Pengepungan terus berlangsung selama 25 hari. Sebenarnya Bani Quraidzah dapat bertahan dalam pengepungan tersebut dalam waktu lebih lama, mengingat kuatnya benteng mereka dan tersedianya bahan makanan dan minuman di dalamnya.
Sementara di sisi lain, udara dingin tanpa perlindungan menghadang kaum muslimin disertai rasa lapar yang sangat. Namun peperangan ini lebih bersifat perang urat saraf dan karena mereka telah dihantui rasa takut oleh kekuatan kaum Muslimin, akhirnya kaum Yahudi Bani Quraidzah tunduk dan mereka menyerahkan keputusannya kepada Rasulullah ﷺ.
Orang-orang Anshar menghadap Rasulullah ﷺ untuk meminta keringanan hukuman terhadap Bani Quraidzah, mengingat hubungan baik mereka selama ini.
Maka dengan bijaksana Rasulullah ﷺ menunjuk seorang sahabat dari kalangan Anshar yang bernama Sa'ad bin Mu'adz untuk menetapkan hukuman untuk mereka.

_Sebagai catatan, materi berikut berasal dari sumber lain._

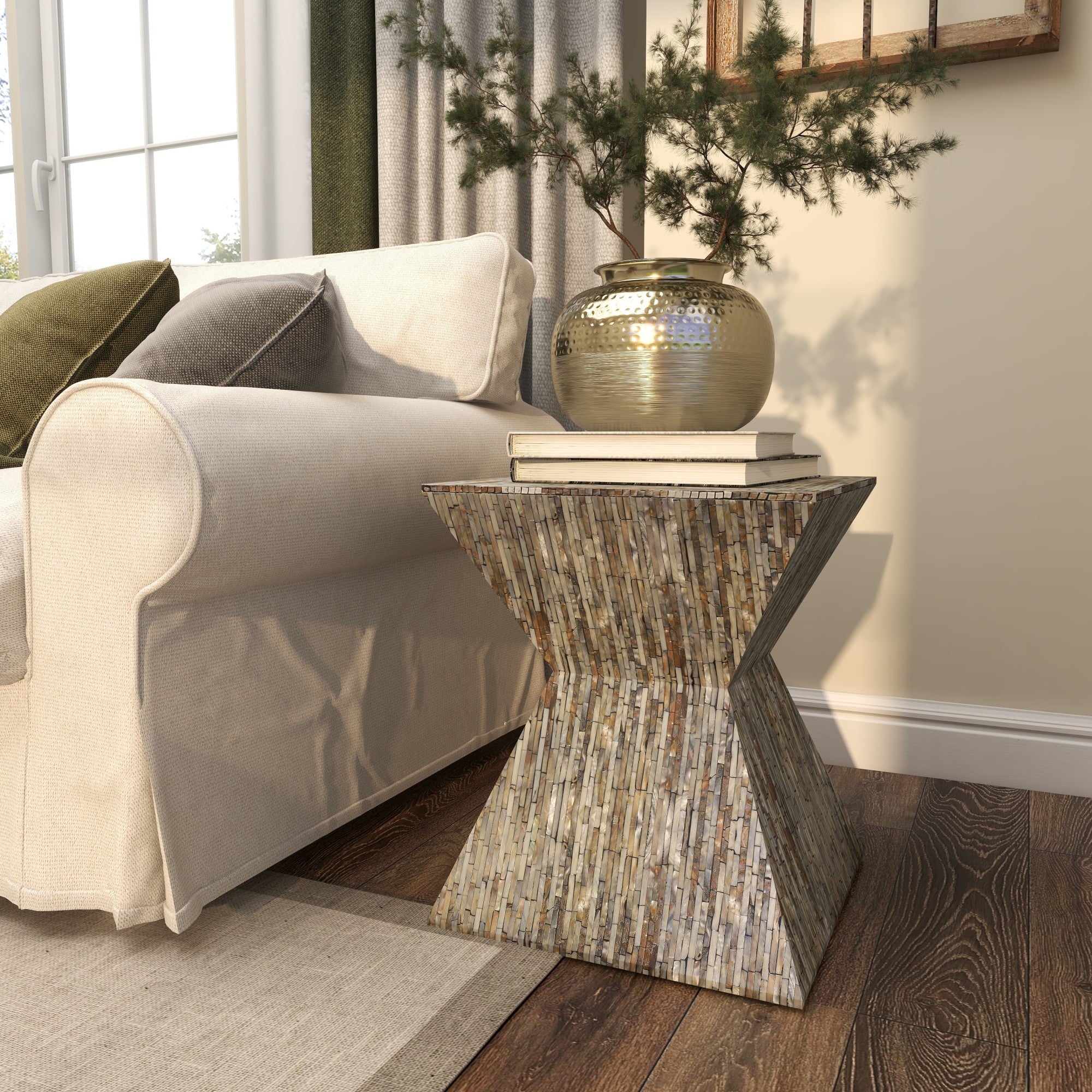 Mother of Pearl Shell Handmade Hourglass Shaped Side End Accent Table

Sa'ad bin Mu'adz memberikan ketetapannya berupa hukuman mati kepada setiap laki-laki dewasa dari Bani Quraidzah, sedangkan kaum wanitanya ditawan dan harta-harta mereka dibagi-bagikan. Mendengar keputusan tersebut, Rasulullah ﷺ berkomentar, “Engkau telah menetapkan hukum Allah dari atas tujuh lapis langit.”
Baca juga: Secarik Alquran Bertuliskan Ayat As-Saffat Ditemukan di Puing Masjid Gaza, Ini Tafsirnya
Maka segeralah dilaksanakan ekskusi hukuman mati dengan memenggal kepala orang dewasa dari Bani Quraidzah yang berjumlah antara 600 hingga 700 orang, termasuk di dalamnya tokoh Yahudi Bani Nadir, Huyay bin Akhthab, bapak dari Shafiah Ummul Mu'minin radhiallahuanha, yang saat itu juga ikut berlindung di benteng Bani Quraidzah.
Hukuman yang sepintas sangat keras ini, sebenarnya sangat layak diberikan kepada Bani Quraidzah, mengingat penghianatan mereka di saat-saat Rasulullah ﷺ sangat membutuhkan bantuan mereka berdasarkan perjanjian yang telah disepakati.
Apalagi ternyata diketahui kemudian, setelah kaum Muslimin memeriksa benteng mereka, didapati di dalamnya perlengkapan perang lengkap yang sangat banyak. Hal itu menunjukkan bahwa mereka memiliki rencana lebih besar lagi terhadap kaum Muslimin. Pada masa kini, mereka layak dikatakan sebagai penjahat perang yang harus dihukum mati.